Postscript: one easy proof of $a_n>0$ starts from the formula $j = E_4^3 / \Delta$: the coefficients of $E_4$ are all positive, so the same is true for $E_4^3$; and $1 / \Delta = q^{-1} \prod_{m=1}^\infty ((1-q^m)^{-1})^{24}$ where each factor has nonnegative coefficients because $(1-q^m)^{-1} = \sum_{k=0}^\infty q^{km}$. So the product $E_4^3 \cdot 1/\Delta$ also has positive coefficients.

Answer 2

By a variation of Elkies's answer we can even get $a_n<e^{4\pi\sqrt{n}}$ without using $j(i)=1728$.
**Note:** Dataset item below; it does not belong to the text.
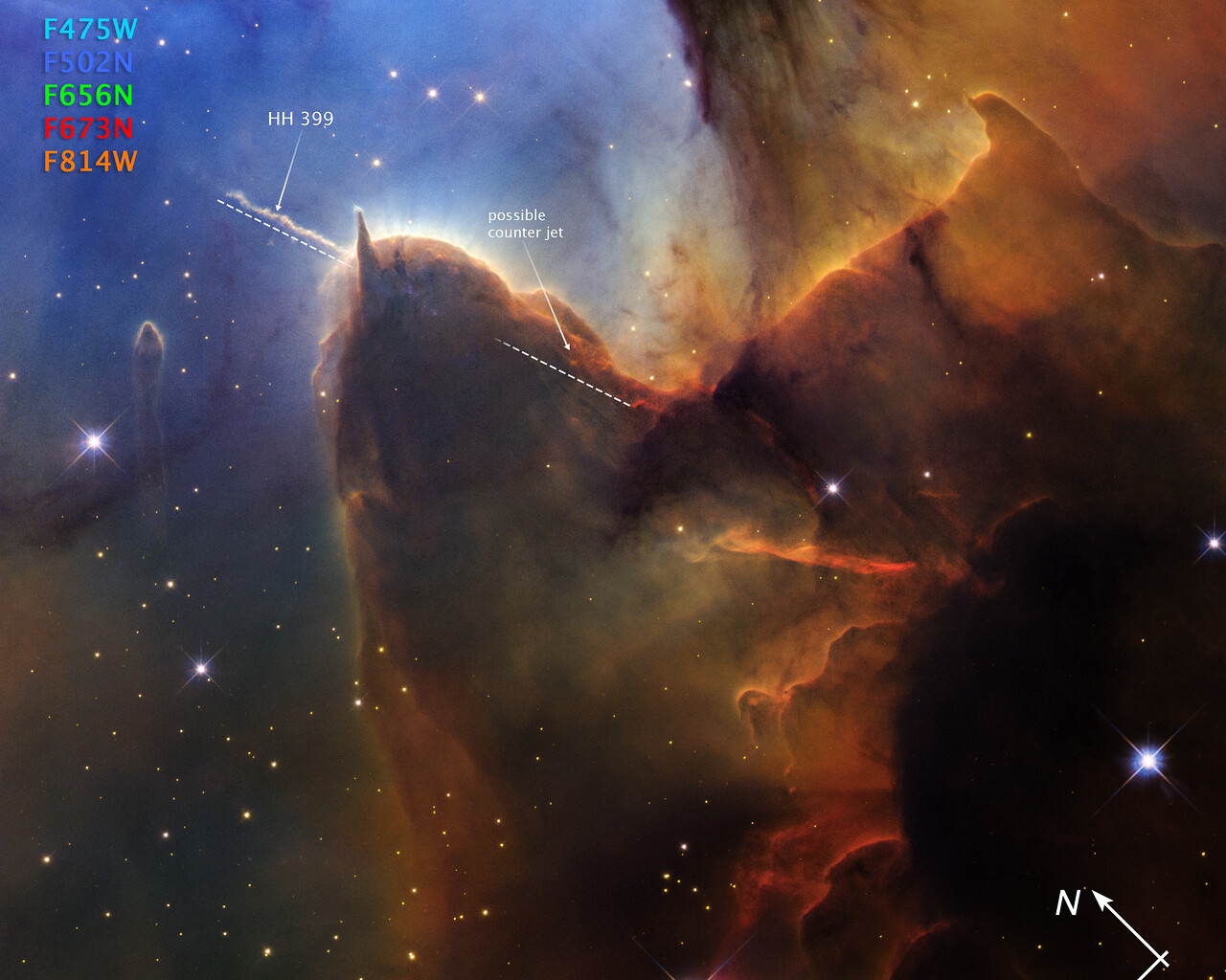 [Image description: A star-forming region is blue at top left, brown and amber from top right to bottom center, and black at bottom right. Tiny, amber-coloured stars float throughout. Toward the left there is a brown shape that looks like a head with two horns. A label, HH 399 jet, marks the left horn. A second label, possible counter jet, marks a redder area within the “body” of brown dust. Below the title is a colour key showing which WFC3 filters were used to create the image and which visible-light colour is assigned to each filter. From top to bottom: F475W (light blue), F502N (blue), F656N (green), F673N (red), F814W (orange). At the bottom left is a scale bar labeled 1 light-year, 42 arcsec. The length of the scale bar is about one fourth of the image. At the bottom right are compass arrows indicating the orientation of the image on the sky. The east arrow points toward 7 o’clock. The north arrow points toward 10 o’clock.]

For $n=1$ the claim is clear. Now let $0<t<1$ and use the identity $j(it)=j(i/t)$. After expanding and rearranging, we get $$\sum_{n=1}^\infty a_n(e^{-2\pi nt}-e^{-2\pi n/t})=e^{2\pi/t}-e^{2\pi t}.$$ It follows that $$a_n<\frac{e^{2\pi/t}-e^{2\pi t}}{e^{-2\pi nt}-e^{-2\pi n/t}},\qquad n\geq 1.$$ Putting $t:=1/\sqrt{n}$, we get $$a_n<\frac{e^{2\pi\sqrt{n}}-e^{2\pi/\sqrt{n}}}{e^{-2\pi\sqrt{n}}-e^{-2\pi n\sqrt{n}}},\qquad n\geq 2.$$ so it suffices to show that the RHS is less than $e^{4\pi\sqrt{n}}$. Equivalently, $$4\pi\sqrt{n}-2\pi n\sqrt{n}<2\pi/\sqrt{n},\qquad n\geq 2,$$ $$2<n+n^{-1},\qquad n\geq 2.$$ The last inequality is obvious, so we are done.